For the walls, I would use ACX, then you have a smoother surface.
Fire rated paper is usually used with something else in an assembly. If you want to fire rate something you could just use intumenscent paint. Look at the pricing and figure out what works best for you both pricing and ease of acquiring and installing
 

mpeele

michael
User
I used 1/4" plywood for a shop ceiling. It was easy for me to put up and I covered the seams with some 1/4" strips I cut from 9' 2X4's.
 

Gotcha6

Dennis
Staff member
Corporate Member
As for durability, have you looked into using 5/8" Water Resistant (AKA green board or blue board) drywall? It withstands moisture quite well and if you're installing cabinets on the walls, French cleats would be the way to go anyways. Keeping it off the floor 5/8' - 3/4" helps with water wicking and premature failure. Overhead, well, that's another story. Too much Tylenol involved.
 

JimD

Jim
Senior User
There is a bedroom above my shop garage so it has 5/8 fire rated drywall on the ceiling. It was installed by the contractor who built the garage for me. I wired the walls and hooked up the lights and installed the insulation and sheathing for the walls. I used 7/16 wafer board. At the time it was significantly cheaper than plywood. I skimmed it with drywall compound before painting it with cheap ceiling paint. Works great. I've previously tried painting waferboard without the skim coat and that did not work so great. The surface is too porus with big open spaces. But the drywall mud filled those well enough it took paint a lot better. If I did not have to deal with a bedroom above, I would not hessitate to use waferboard on the ceiling too.

If you use plywood, you should not need the skim coat of mud so for me it would just be a cost decision. If plywood is close enough in price, I would use it. I might even use 5mm luan on the ceiling with battens over the joints. That way you could remove the battens and take down the ceiling if you need to get up there. But it was drywall for me due to the finished space above the shop.
 

Gotcha6

Dennis
Staff member
Corporate Member
Check with your local building code officials. Do you already have 5/8" firecode between the garage and the house or is this a detached garage? Some jurisdictions require that between a garage and living space. If you're doing wwing and other activities in there it may be a good idea as an assurance against fire damage to the house.
 

chris_goris

Chris
Senior User
Plywood or OSB screwed to the walls is a great way to go. Screwing it on allows it to be removed for wiring additions/ changes. I have done this a few times in my shop in 2 years (machines come and go) It also allows you to mount anything, anywhere on any wall quickly and easily.
 

Oka

Board of Directors, Vice President
Casey
Staff member
Corporate Member
Gotcha 6 is correct all walls and ceilings that are common with the occupancy of the building require 1 hrs rating per the IBC.
Both the IBC and UL have schedules of c approved rated assemblies made with plywood sheathing. Reference those
 

Willemjm

Willem
Corporate Member
Interesting that everyone steers away from drywall?

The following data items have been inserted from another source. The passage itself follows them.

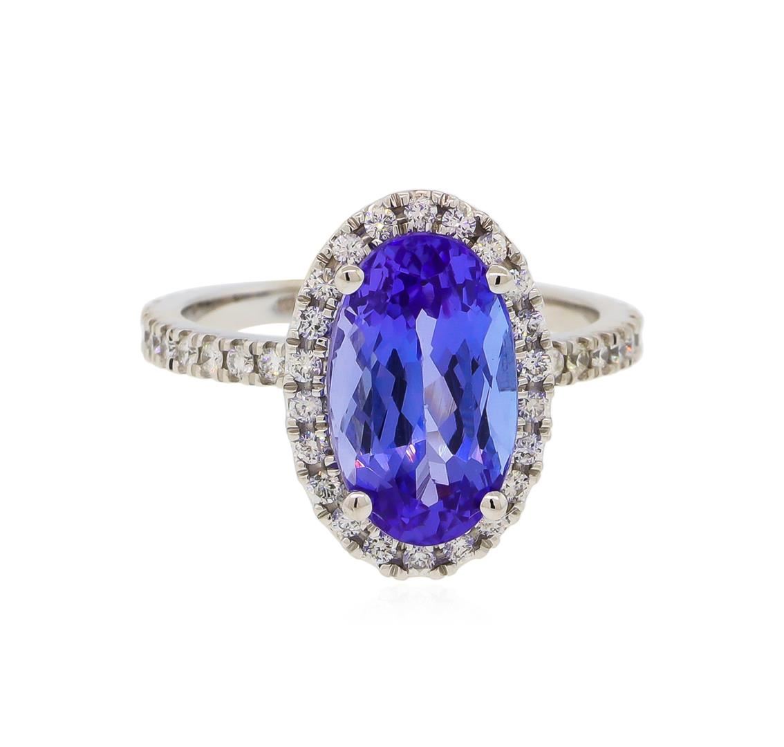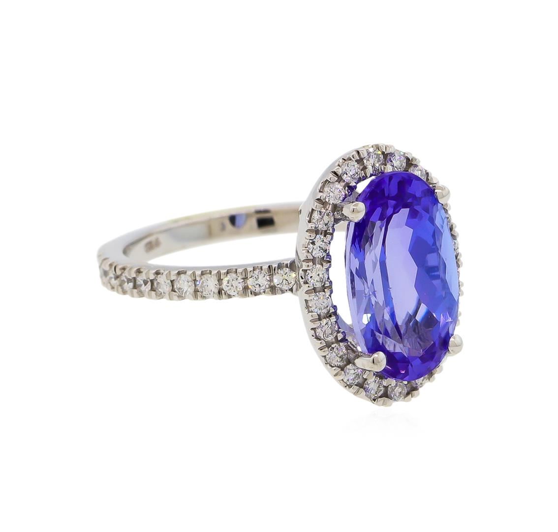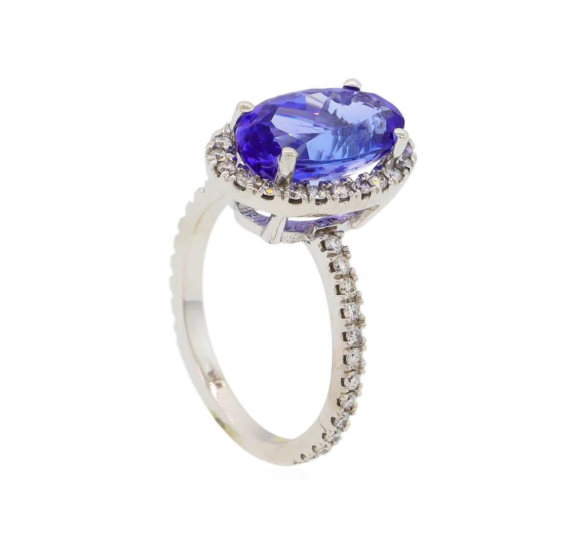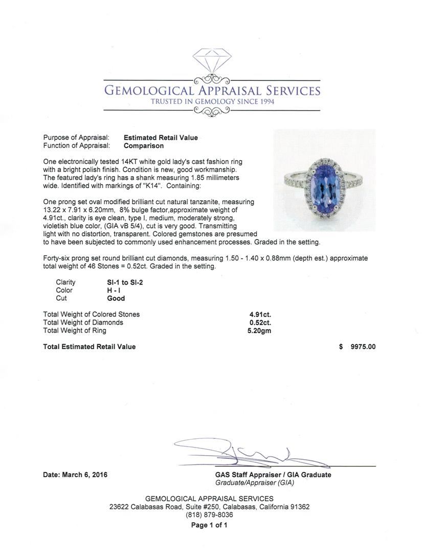 One electronically tested 14KT white gold lady's cast fashion ring with a bright polish finish. The featured lady's ring has a shank measuring 1.85 millimeters wide. Identified with markings of "K14". Condition is new, good workmanship. Containing: One prong set oval modified brilliant cut natural tanzanite, measuring 13.22 x 7.91 x 6.20mm, 8%. bulge factor, approximate weight of 4.91ct., clarity is eye clean, type I, medium, moderately strong, violetish blue color, (GIA vB 5/4), cut is very good. Transmitting light with no distortion, transparent. Colored gemstones are presumed to have been subjected to commonly used enhancement processes. Graded in the setting. Forty-Six prong set round brilliant cut diamonds, measuring 1.50 - 1.40 x 0.88mm (depth est.) approximate total weight of 46 Stones = 0.52ct. Graded in the setting. Clarity: SI-1 to SI-2. Color: H - I, Cut Good. Total Weight of Colored Stones 4.91ct. Total Weight of Diamonds 0.52ct. Total Weight of Ring 5.20gm. GAS Appraised at $9,975.00.
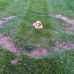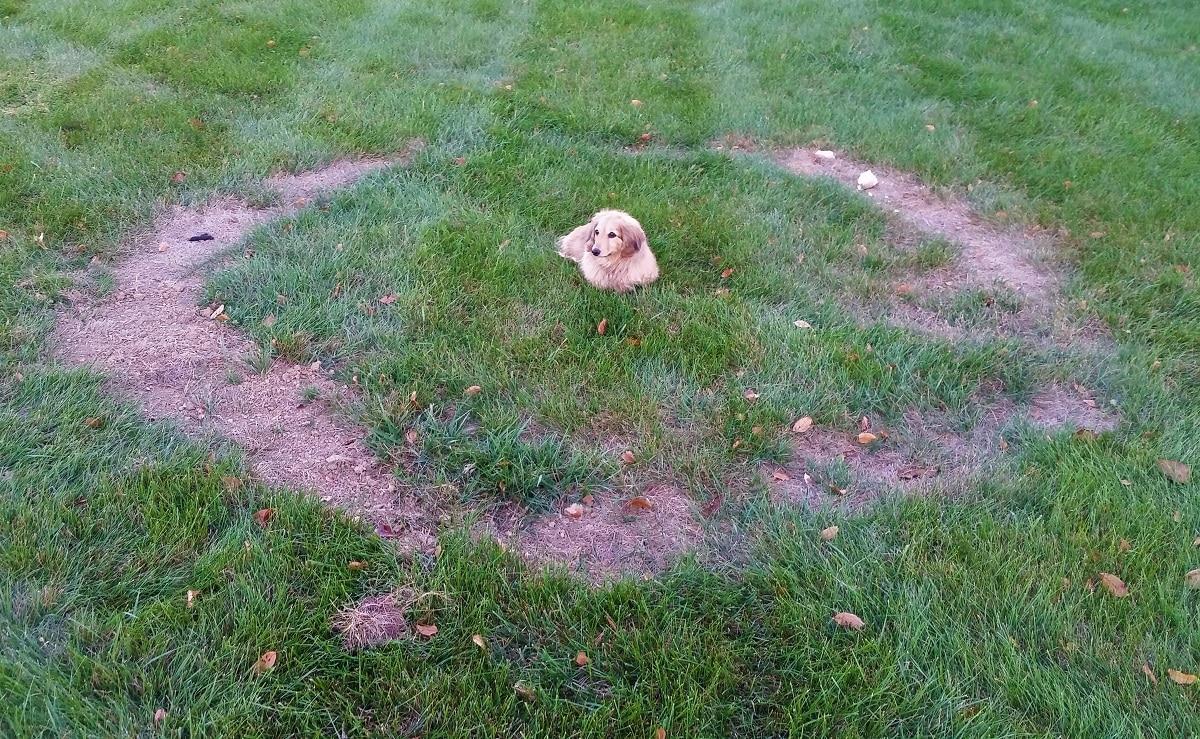 large brown ring shaped patch on lawn with a dachshund dog in the center
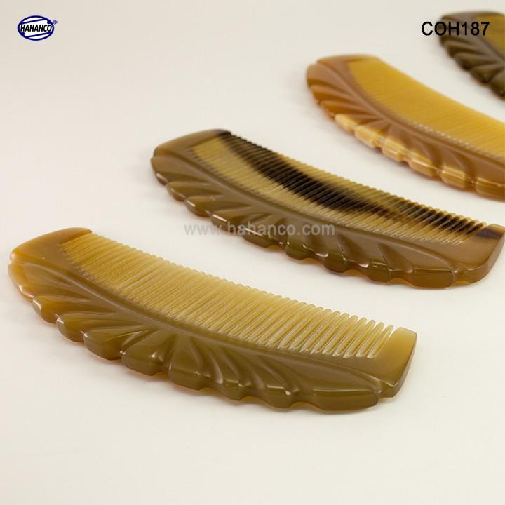 Lược sừng xuất khẩu sang thị trường Nhật Bản, EU, US. Đây là mẫu lược trơn chuôi lượn sóng, thiết kế với kiểu dáng nhẵn bóng trơn tru, với kích thước tỷ lệ được chia
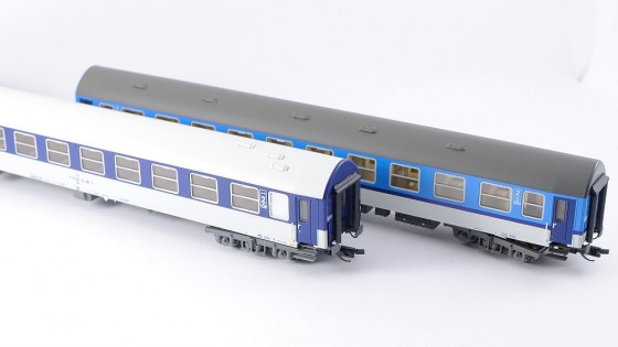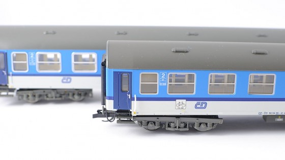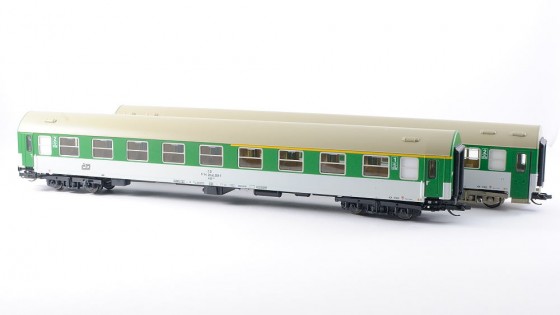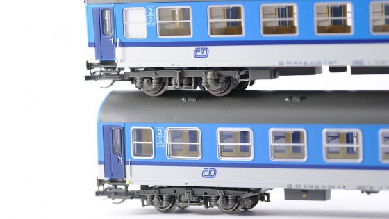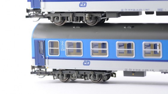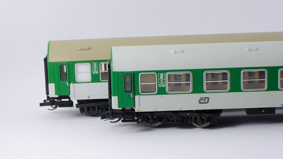 Oba vozy u sebe. Největší rozdíl jsou pro mě rámy oken – Tillig je má hranatější, vypadají spíš jako z vozů vyrobených ve Studénce na konci 80. let (např. řada Bdt).
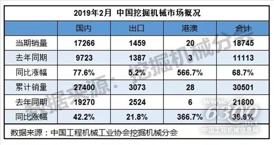 挖掘機1-2月銷量合計30501臺,同比漲幅39.9%。國內(nèi)市場銷量(統(tǒng)計范疇不含港澳臺)27400臺,同比漲幅42.2%。如此可觀的市場銷量,有的機友甚至表示:2019年前兩個月的挖機銷量相當(dāng)于2013年全年的一半!
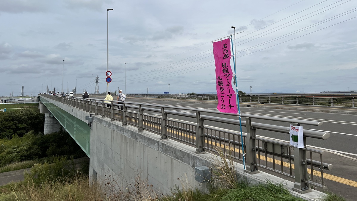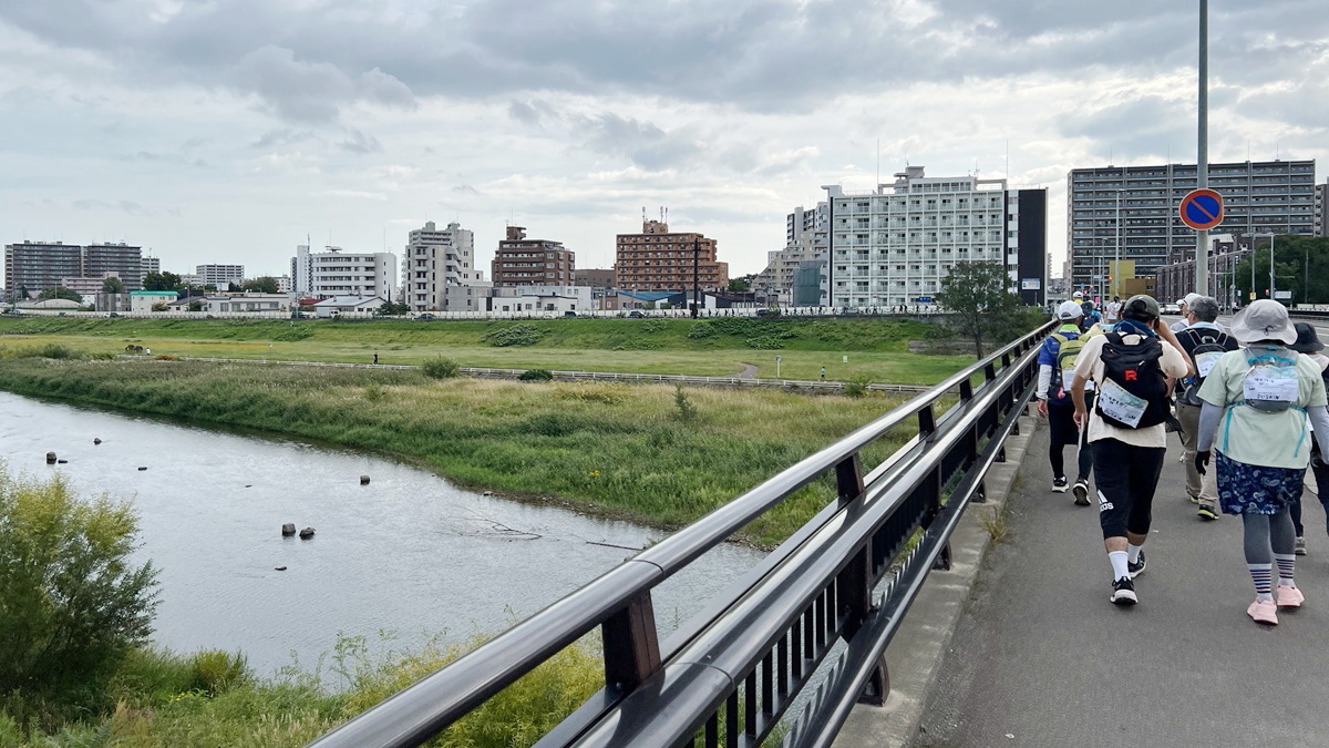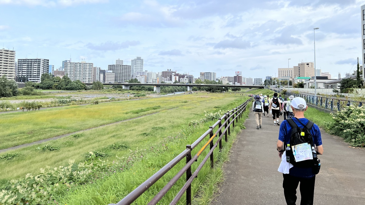 スタートの中島公園を抜け、豊平川の河川敷を南大橋から北24条桜大橋まで歩きます。豊平川の河川敷は整備されているため歩きやすく、広々とした空の下で札幌の街並みや山並みを背景に豊平川の雄大な流れを感じながら歩けるのが魅力です。
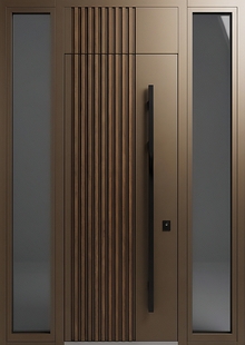 Входная группа с терморазрывом, стеклами по бокам, бугельной ручкой, металлорейками и коричневой покраской — это идеальный вариант для тех, кто ценит сочетание классики и современных материалов. Панели из МДФ доступны в широкой палитре цветов и текстур, включая имитацию ценных пород древесины. Позволяют подобрать модель под любой стиль интерьера — от классики до минимализма. Дизайн-проект делает дверь не только функциональной, но и визуально привлекательной.
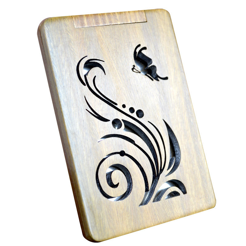 Green sandalwood portable folding hand-held antique small makeup mirror for girlfriend lettering custom birthday gift
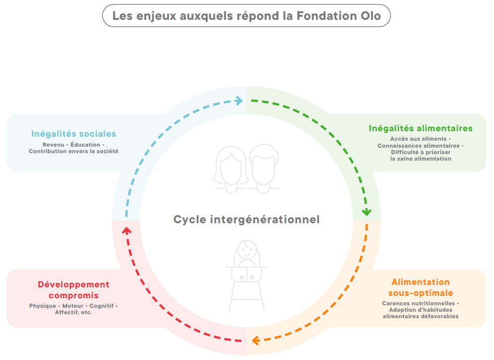 Ainsi, l’impact et le modèle logique de la Fondation Olo reposent sur la compréhension qu’il existe des inégalités alimentaires constituées de trois grandes barrières à la saine alimentation expliquant pourquoi certaines familles ne sont pas en mesure d’offrir une alimentation optimale à leurs tout-petits :
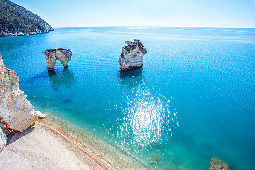 Apulien, im Absatz des italienischen Stiefels gelegen, ist eines der beliebtesten Ziele im Italien-Urlaub. Die vielen weißen Strände mit ihren versteckten Buchten fallen meist sanft ins Wasser ab. So auch die Bucht Baia delle Zagare, die besonders gut für einen Strandurlaub mit der Familie geeignet ist: Der weiße Sand führt flach ins Wasser. Imposante Felsen umgeben die Bucht und in der Nähe gibt es zahlreiche Höhlen zu entdecken, die oftmals von Fledermäusen bewohnt werden.
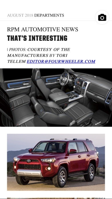 App Storeより引用Each issue of Four Wheeler presents a wide range of informative articles including adventure travel in the US and abroad, domestic trail rides and event coverage, comprehensive new-vehicle testing and evaluation, technical articles designed for four-wheelers of all abilities, as well as how-to installation articles, equipment guides and comprehensive product testing.
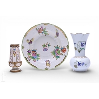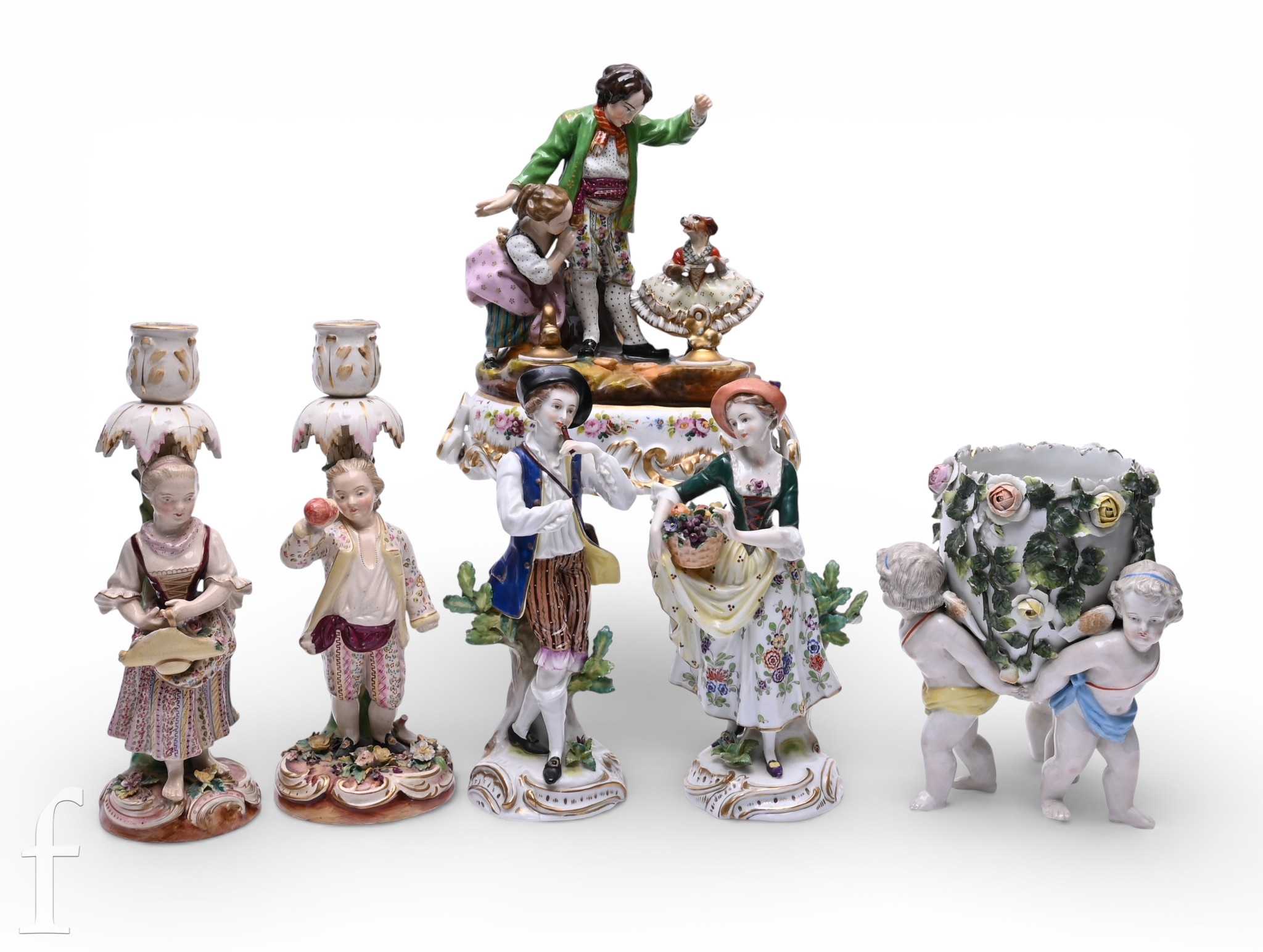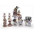 A Jacob Petit Fontainebleau porcelain figural inkwell, circa 1850, surmounted with two children and a dancing dog in traditional dress, on naturalistic base with two lidded wells and and pen apertures above gilt heightened relief moulded acanthus scrolls and painted floral band, painted JP marks, height 24cm, together with a Sitzendorf vase, of ovoid form with floral encrustations, supported with three winged cherubs, height 19cm, a pair of late 19th Century continental porcelain figures, gallant and companion, height 24cm, and a pair of earthenware figural candlesticks. (6)
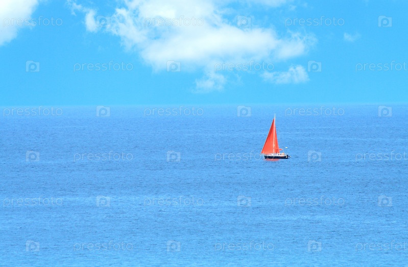 Лодка с красными парусами на фоне синего моря и неба
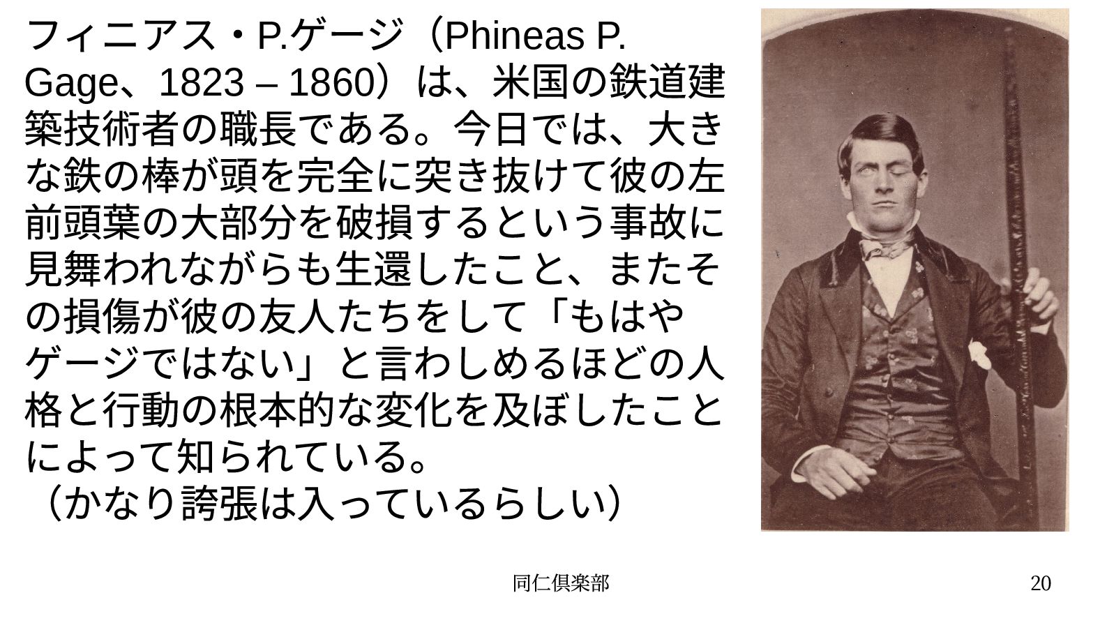 同仁倶楽部 20 フィニアス・P. ゲージ(Phineas P. Gage 、1823 – 1860 )は、米国の鉄道建

My shop walls and ceiling is drywall and air conditioned. My main reason for doing that is the possibility to convert it to heated/conditioned living area for low cost, at some point in the future. I have no issues with durability, mounting stuff on walls and it looks clean.
 

Charlie

Charlie
Corporate Member
Interesting that everyone steers away from drywall?

My shop walls and ceiling is drywall and air conditioned. My main reason for doing that is the possibility to convert it to heated/conditioned living area for low cost, at some point in the future. I have no issues with durability, mounting stuff on walls and it looks clean.
I agree!
 

srhardwoods

Chris
Senior User
I did something completely different. This was at the time that supplies were relatively stable so wouldn't apply now but might help someone in the future if/when they return to somewhat normal. I do not like drywall idea, having to use anchors to hang things from incase you can't hit a stud, labor intensive and then need to paint. I do not like OSB as it takes a pile of paint to cover, rough surface holds dust. I used 1/2" prefinished 1 side import birch ply. They are true 4x8 and not oversized to 48.5x96.5 and I used tan decking screws. Dust does not stick to it, it reflects light really well and you hang it and it's done. The other is I put all my electrical in conduit so that if/when I rearrange the shop, you can easily remove/reroute electrical circuits. If you need to get behind the ply, unscrew it and you have access. My previous shop has a pile of money in the walls of electrical circuits that were no longer used because I rearranged the shop, upgraded a tool and need to move it etc.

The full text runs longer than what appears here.